## PROBLEM DETAILS
In the records below, begin at the line containing "Jauch Crystal|O 33.3-JO75-B-3.3-1-T2-LF尺寸圖" and end at the line containing "細分動力電池生產廠商看,前4"; quote every line in that span exactly, including both boundary lines, and no others.

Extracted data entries
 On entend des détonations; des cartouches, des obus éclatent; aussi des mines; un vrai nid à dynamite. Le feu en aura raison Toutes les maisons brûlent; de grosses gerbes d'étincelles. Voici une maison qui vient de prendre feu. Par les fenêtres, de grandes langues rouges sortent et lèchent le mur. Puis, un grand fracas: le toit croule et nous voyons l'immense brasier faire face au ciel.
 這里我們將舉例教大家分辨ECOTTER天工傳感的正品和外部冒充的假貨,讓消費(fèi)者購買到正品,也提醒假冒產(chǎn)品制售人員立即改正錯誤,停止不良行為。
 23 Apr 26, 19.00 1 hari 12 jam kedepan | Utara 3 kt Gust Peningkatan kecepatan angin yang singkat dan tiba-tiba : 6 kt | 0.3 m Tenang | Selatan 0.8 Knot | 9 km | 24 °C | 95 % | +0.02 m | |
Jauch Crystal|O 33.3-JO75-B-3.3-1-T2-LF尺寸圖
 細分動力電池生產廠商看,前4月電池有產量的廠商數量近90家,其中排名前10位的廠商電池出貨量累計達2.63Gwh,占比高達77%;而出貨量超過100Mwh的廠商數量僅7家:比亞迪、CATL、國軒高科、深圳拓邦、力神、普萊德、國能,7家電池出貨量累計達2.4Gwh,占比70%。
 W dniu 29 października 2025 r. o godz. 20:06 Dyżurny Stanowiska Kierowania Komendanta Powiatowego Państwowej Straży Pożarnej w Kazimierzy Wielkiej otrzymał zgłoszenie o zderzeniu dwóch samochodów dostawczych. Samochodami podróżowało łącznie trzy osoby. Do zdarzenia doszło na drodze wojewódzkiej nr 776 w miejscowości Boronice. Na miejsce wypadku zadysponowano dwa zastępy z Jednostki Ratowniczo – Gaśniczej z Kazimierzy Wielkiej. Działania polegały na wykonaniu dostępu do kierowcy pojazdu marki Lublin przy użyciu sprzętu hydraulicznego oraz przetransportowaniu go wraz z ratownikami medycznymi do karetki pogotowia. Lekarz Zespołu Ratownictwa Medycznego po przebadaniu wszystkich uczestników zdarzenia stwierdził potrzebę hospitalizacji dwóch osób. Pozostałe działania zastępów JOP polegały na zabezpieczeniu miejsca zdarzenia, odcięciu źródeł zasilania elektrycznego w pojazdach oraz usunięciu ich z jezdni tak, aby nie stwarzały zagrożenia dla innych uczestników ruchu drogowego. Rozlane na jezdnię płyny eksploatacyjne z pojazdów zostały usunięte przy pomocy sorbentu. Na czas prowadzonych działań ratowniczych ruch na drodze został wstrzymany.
* * *
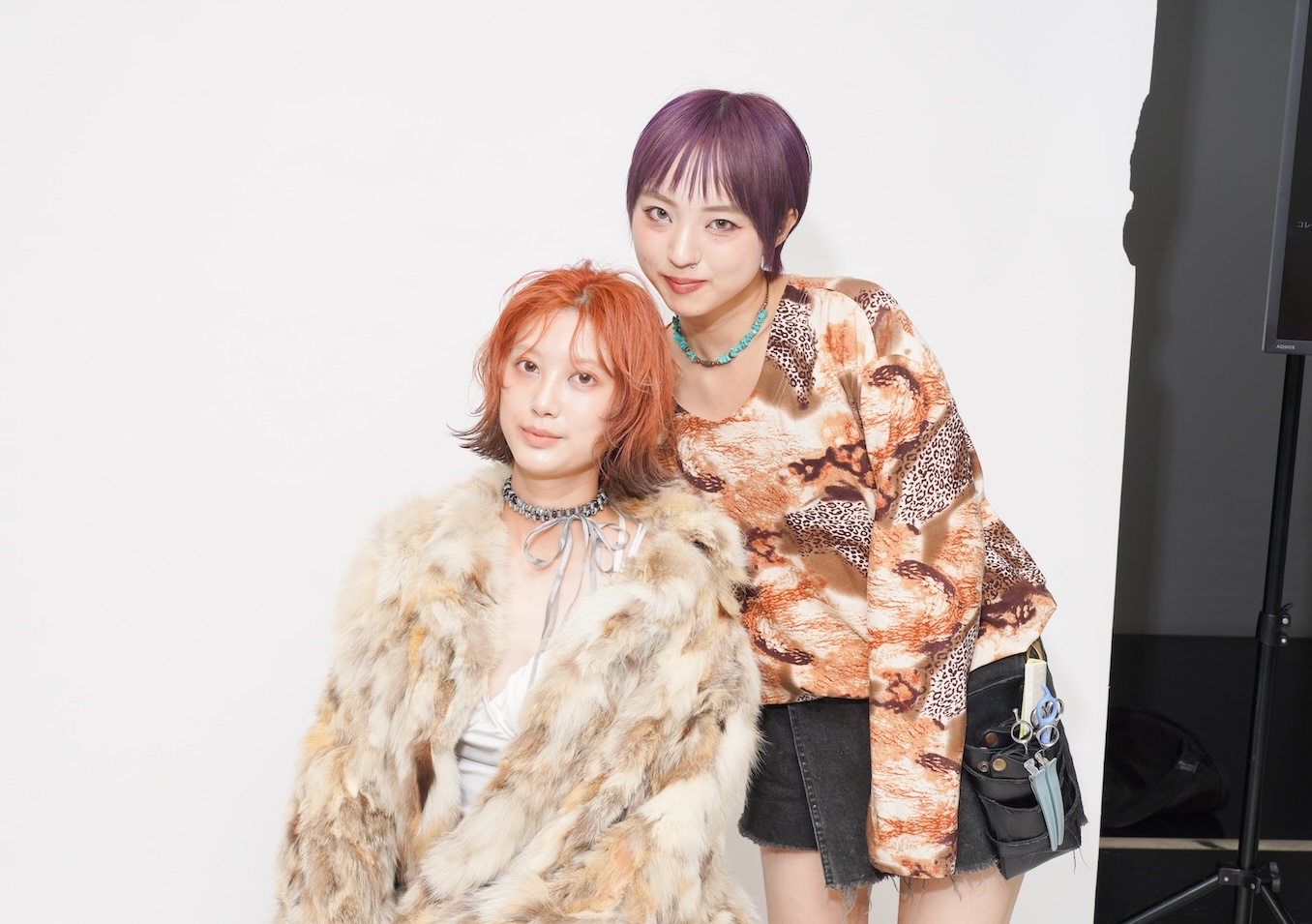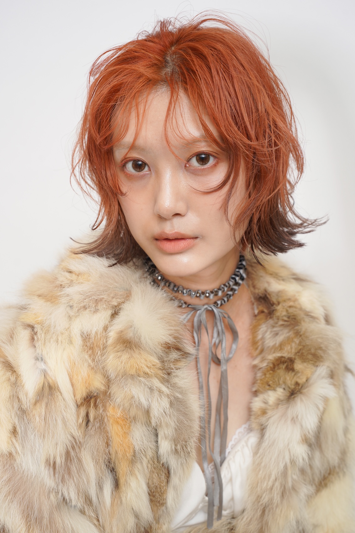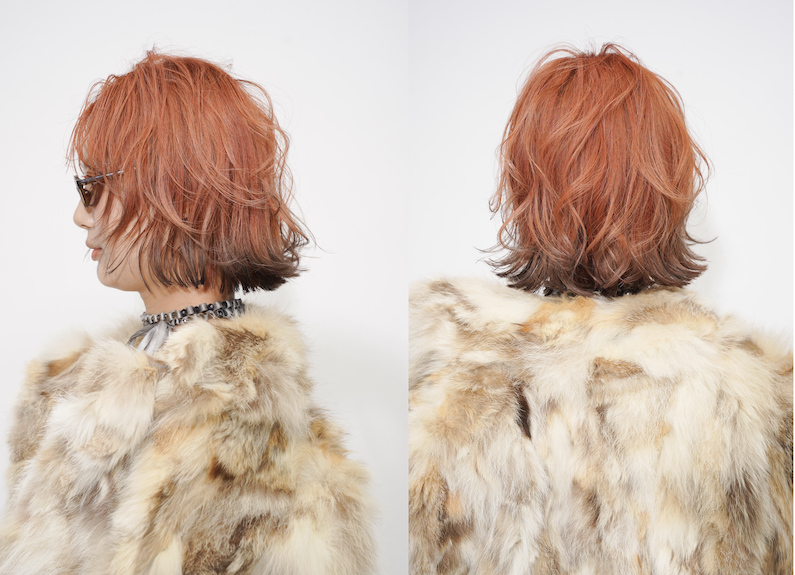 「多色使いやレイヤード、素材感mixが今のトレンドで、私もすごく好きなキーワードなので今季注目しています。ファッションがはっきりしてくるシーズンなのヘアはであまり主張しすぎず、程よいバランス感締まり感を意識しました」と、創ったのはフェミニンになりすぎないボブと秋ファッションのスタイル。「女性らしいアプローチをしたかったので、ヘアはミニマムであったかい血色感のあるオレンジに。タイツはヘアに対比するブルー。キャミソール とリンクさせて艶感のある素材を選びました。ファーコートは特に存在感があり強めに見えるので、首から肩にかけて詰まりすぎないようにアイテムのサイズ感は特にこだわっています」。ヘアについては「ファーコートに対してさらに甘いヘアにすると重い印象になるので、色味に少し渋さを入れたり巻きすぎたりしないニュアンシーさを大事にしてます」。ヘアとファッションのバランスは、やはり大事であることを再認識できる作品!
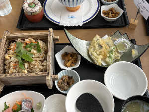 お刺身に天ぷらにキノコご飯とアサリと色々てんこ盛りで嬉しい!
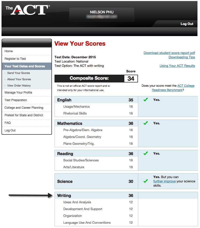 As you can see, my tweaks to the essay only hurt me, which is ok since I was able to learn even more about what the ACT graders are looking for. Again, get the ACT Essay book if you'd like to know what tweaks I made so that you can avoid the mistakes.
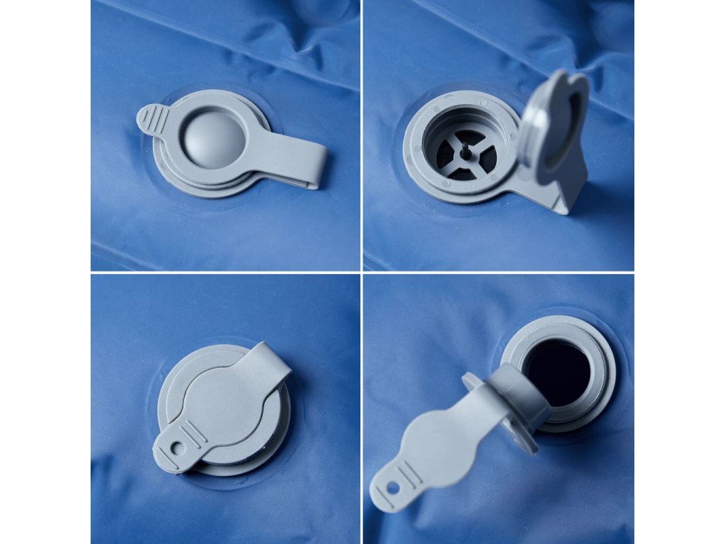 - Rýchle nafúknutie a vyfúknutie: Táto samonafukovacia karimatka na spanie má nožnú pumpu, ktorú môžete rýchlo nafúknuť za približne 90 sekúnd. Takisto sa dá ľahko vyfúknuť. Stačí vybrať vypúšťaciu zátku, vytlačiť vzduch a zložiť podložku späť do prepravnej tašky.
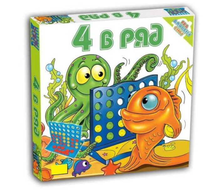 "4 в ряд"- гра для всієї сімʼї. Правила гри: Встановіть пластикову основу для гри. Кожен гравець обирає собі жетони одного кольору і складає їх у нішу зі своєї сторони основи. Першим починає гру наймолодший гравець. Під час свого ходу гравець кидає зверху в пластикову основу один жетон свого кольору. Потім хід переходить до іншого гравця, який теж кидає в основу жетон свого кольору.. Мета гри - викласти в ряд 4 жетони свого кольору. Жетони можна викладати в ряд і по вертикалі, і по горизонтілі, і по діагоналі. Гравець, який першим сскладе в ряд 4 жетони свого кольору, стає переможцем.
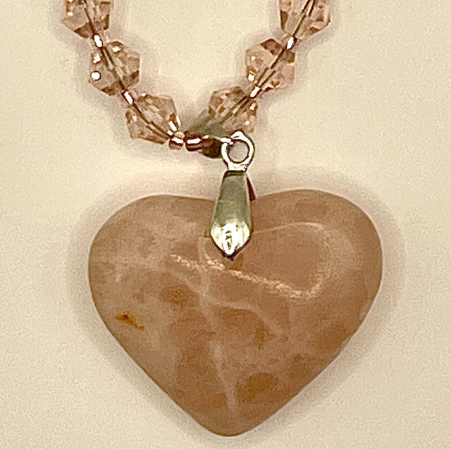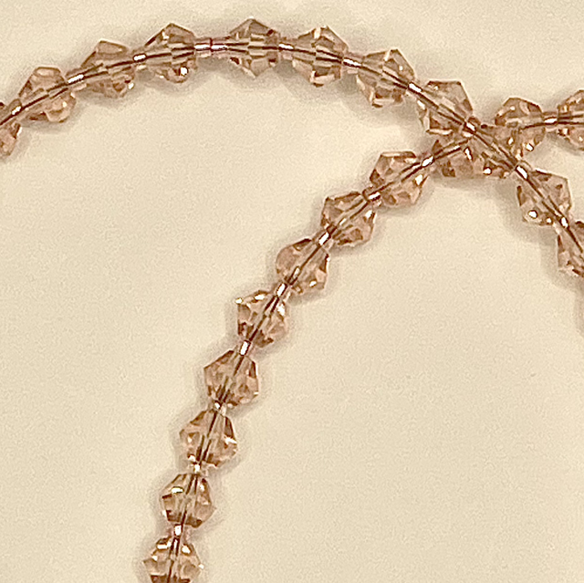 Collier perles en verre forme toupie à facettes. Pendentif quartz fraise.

## RESPONSE
Jauch Crystal|O 33.3-JO75-B-3.3-1-T2-LF尺寸圖
 細分動力電池生產廠商看,前4月電池有產量的廠商數量近90家,其中排名前10位的廠商電池出貨量累計達2.63Gwh,占比高達77%;而出貨量超過100Mwh的廠商數量僅7家:比亞迪、CATL、國軒高科、深圳拓邦、力神、普萊德、國能,7家電池出貨量累計達2.4Gwh,占比70%。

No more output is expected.